Can someone give me the simple version of the difference between Pabsolute and P gage? Im looking to understand it, not just know how to do it. Its just not clicking why there are two types of pressure... I understand gage is the pressure you would measure at a depth, but why do i need to care about absolute?


----------



## petergibbons (Oct 12, 2006)

Pabs = Patm + Pgage


----------



## MetroRAFB (Oct 12, 2006)

What he said. If you're concerned with deltaP it won't matter.


----------



## FusionWhite (Oct 12, 2006)

I had this same problem for a long time and it finally clicked for me one day. Ill try to explain it how I understand it but my reasoning may be a little screwy.

The definition of Pab and Pgage and Patm is that Pab = Pgage + Patm just for clarification.

Think of an open empty soda can sitting on your desk. The atmospheric pressure is equal inside the can and outside (14.7 psi). Now if you could seal the can the pressure inside the can is still equal to Patm and the pressure outside the can is still Patm. The absolute pressure (Pab) in the can is equal to the Patm. Gauge pressure equals ZERO according to the above equation.

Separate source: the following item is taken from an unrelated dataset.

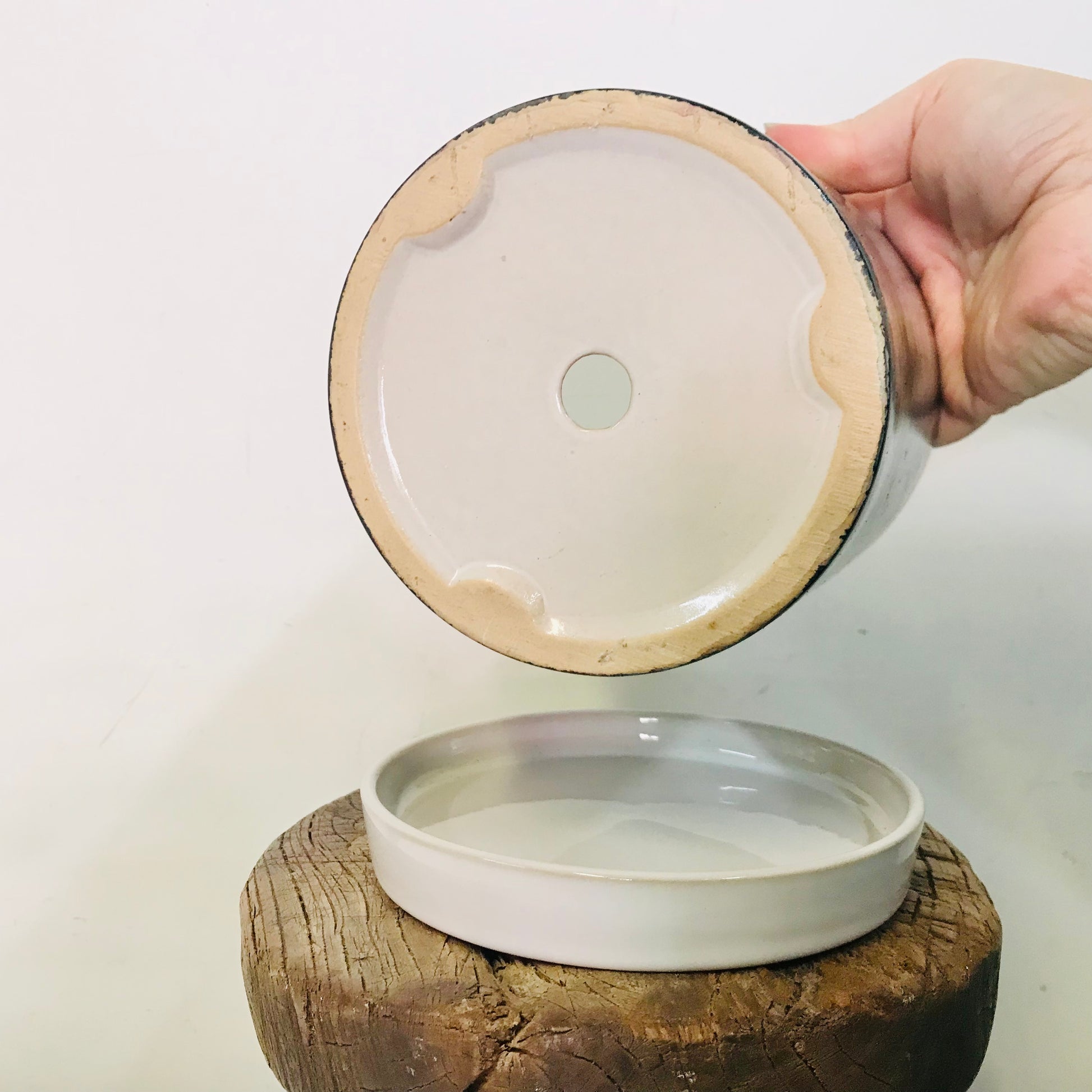 Pot - Width: 14.5cm, Height: 16cm. Tray - Width: 14.5cm, Height: 2cm

Now lets say you increase the pressure in the can from 14.7 (which is equal to Patm) to 24.7 psi. Pressure outside is still atmospheric (14.7 psi) and there is a pressure gradient of 10 psi from the inside of the can and the atmosphere. This 10 psi gradient is the gage pressure. 14.7 psi of the total pressure in the can is a from the atmosphere and the 10 psi you added is the gage.

Pabs = 24.7

Patm = 14.7

Pgage = 10

That was probably a long and rambling explaination but thats how I remember what gage and absolute are.


----------



## DVINNY (Oct 12, 2006)

Fusion,

excellant post!!!!!!!!!!


----------



## Blu1913 (Oct 12, 2006)

Wow, massive props on the explaination :claps:

Completely makes sense now. Thanks a ton!

:thumbsup:


----------